This guide provides a comprehensive explanation of the data structures used in NaLamKI and how they map to visualizations in the dashboard. Understanding these structures is essential for developing effective AI services for the NaLamKI platform.

Overview

NaLamKI uses a standardized data structure based on GeoJSON for all service outputs. This structure allows for:

  1. Geographic Representation: All data can be displayed on a map
  2. Flexible Data Types: Support for various agricultural data types
  3. Time Series Data: Tracking changes over time
  4. Rich Metadata: Including units, classifications, and confidence scores
  5. Visualization Mapping: Automatic mapping to appropriate visualization types

GeoJSON Foundation

All NaLamKI outputs are based on the GeoJSON format, which is a standard for encoding geographic data structures. The basic structure is:

{
"type": "FeatureCollection",
"features": [
{
"type": "Feature",
"geometry": {
"type": "Point",
"coordinates": [longitude, latitude]
},
"properties": {
// Service-specific properties
}
}
]
}

In NaLamKI, this structure is implemented using Python dataclasses from the SDK, which ensure proper formatting and validation.

Core Dataclasses

The data structure follows a hierarchical organization where each level can contain multiple instances of the level below it. Here's how the dataclasses are connected:

GeoOutputData (root)
└── features: List[GeoFeature]
├── type: "Feature" 🌐
├── geometry: GeoGeometry/GeoPoint 🌐
│ └── coordinates: GeoCoordinates.tojson() 🌐
└── properties: GeoFeatureProperty 🌐
├── type: str (visualization type) 🍃
└── datasets: List[Timeseries] 🍃
├── type: str (optional) 🍃
├── name: str 🍃
└── items: List[TimeSeriesItem] 🍃
├── timestamp: datetime 🍃
├── values: List[DataValue] 🍃
│ ├── name: str 🍃
│ ├── value: Any 🍃
│ ├── type: str 🍃
│ └── unit: str 🍃
└── images: List[DataImage] 🍃
├── uri: str 🍃
├── geotiff: str (optional) 🍃
└── bbox: List[BoundingBox] 🍃
├── x, y: int (coordinates) 🍃
┌─────────────────────┐ ├── w, h: int (dimensions) 🍃
│ 🌐 GeoJSON standard │ ├── classification: str 🍃
│ 🍃 NaLamKI extension│ ├── accuracy: float 🍃
└─────────────────────┘ └── color: str 🍃

Key relationships:

  • One GeoOutputData can contain multiple GeoFeatures
  • Each GeoFeature has one geometry and one properties
  • properties can contain multiple Timeseries datasets
  • Each Timeseries can contain multiple TimeSeriesItems
  • TimeSeriesItems can have multiple DataValues and DataImages
  • DataImages can have multiple BoundingBoxes

Note: The GeoJSON structure (🌐) forms the foundation of the data format, while NaLamKI extensions (🍃) add agricultural-specific functionality.

GeoOutputData

The root dataclass for all service outputs.

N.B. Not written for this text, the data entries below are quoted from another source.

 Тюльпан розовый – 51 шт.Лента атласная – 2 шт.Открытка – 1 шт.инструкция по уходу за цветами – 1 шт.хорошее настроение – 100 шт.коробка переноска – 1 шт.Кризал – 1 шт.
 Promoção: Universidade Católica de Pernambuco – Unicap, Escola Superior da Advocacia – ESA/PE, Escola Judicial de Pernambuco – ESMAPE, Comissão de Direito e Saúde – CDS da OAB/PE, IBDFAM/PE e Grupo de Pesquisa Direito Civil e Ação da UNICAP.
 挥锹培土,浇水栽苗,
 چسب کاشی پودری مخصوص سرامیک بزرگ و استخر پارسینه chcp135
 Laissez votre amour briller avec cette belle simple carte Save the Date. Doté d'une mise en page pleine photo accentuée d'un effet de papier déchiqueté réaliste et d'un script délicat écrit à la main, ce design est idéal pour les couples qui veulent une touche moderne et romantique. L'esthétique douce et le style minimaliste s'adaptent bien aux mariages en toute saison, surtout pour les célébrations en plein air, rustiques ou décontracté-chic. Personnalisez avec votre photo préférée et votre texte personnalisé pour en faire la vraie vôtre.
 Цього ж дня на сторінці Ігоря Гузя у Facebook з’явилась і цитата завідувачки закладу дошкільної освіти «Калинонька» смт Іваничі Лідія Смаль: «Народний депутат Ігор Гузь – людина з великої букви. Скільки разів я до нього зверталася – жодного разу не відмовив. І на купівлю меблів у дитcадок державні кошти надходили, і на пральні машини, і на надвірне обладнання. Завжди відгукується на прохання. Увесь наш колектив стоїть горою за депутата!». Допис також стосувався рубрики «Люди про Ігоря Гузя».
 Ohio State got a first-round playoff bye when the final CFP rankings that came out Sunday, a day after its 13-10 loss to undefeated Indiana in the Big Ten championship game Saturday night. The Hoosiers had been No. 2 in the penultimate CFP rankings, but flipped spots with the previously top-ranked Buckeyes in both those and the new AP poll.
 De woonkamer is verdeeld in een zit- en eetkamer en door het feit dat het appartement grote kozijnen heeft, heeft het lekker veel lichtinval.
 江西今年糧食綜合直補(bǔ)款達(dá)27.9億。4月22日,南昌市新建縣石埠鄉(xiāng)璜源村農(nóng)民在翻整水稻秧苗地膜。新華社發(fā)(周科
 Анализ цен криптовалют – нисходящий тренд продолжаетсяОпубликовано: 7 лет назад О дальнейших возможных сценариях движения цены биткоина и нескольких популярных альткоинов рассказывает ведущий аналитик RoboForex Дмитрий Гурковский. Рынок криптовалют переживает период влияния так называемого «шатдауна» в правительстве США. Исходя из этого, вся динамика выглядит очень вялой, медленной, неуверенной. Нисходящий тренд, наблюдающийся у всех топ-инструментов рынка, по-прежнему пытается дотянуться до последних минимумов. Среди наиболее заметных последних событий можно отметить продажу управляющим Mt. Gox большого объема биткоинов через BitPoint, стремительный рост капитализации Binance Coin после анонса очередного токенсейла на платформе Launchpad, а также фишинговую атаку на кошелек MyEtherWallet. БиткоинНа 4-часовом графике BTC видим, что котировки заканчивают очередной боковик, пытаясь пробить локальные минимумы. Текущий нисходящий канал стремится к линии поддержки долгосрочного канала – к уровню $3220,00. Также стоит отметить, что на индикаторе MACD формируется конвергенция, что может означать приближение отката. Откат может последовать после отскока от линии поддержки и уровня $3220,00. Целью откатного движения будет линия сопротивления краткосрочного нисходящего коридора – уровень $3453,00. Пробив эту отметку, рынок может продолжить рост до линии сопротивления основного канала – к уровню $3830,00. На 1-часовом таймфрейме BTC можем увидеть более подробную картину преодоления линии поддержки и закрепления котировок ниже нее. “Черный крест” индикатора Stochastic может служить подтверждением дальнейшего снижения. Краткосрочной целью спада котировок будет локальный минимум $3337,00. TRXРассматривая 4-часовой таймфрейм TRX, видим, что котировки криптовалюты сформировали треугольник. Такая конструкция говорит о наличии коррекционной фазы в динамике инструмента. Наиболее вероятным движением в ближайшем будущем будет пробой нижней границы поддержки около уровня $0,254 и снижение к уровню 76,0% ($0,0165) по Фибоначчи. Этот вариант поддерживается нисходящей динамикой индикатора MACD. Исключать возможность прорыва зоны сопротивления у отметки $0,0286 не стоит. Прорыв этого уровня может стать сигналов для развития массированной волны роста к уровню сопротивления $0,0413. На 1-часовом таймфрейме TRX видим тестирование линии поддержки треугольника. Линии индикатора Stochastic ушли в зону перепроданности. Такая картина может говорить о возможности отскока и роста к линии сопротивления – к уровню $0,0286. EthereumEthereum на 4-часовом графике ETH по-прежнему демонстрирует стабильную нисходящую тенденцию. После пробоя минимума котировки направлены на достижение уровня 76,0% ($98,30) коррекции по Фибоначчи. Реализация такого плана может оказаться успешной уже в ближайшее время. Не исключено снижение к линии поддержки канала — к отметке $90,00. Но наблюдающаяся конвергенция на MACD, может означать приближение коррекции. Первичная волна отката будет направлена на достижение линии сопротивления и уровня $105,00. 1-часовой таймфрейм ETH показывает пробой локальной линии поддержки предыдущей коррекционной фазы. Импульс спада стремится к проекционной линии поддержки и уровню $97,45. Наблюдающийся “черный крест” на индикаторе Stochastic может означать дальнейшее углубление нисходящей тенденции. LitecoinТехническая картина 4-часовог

from nalamkisdk.model.output_data import GeoOutputData

output = GeoOutputData(
type="FeatureCollection",
features=[feature1, feature2, ...]
)
  • type: Always "FeatureCollection"
  • features: List of GeoFeature objects

GeoFeature

Represents a single feature in the GeoJSON output.

from nalamkisdk.model.output_data import GeoFeature

feature = GeoFeature(
type="Feature",
geometry=geometry_object,
properties=properties_object
)
  • type: Always "Feature"
  • geometry: A geometry object (GeoPoint, GeoPolygon, etc.)
  • properties: A GeoFeatureProperty object

GeoGeometry and GeoPoint

Represent the spatial information of a feature.

from nalamkisdk.model.output_data import GeoGeometry, GeoPoint

# Using GeoGeometry
geometry = GeoGeometry(
type="Point",
coordinates=GeoCoordinates(latitude=lat, longitude=lon).tojson()
)

# Using GeoPoint (simplified version)
geometry = GeoPoint(
coordinates=GeoCoordinates(latitude=lat, longitude=longitude).tojson()
)
  • type: The geometry type (e.g., "Point", "Polygon")
  • coordinates: The spatial coordinates in JSON format

GeoCoordinates

Represents geographic coordinates in WGS84 format (standard GPS coordinates).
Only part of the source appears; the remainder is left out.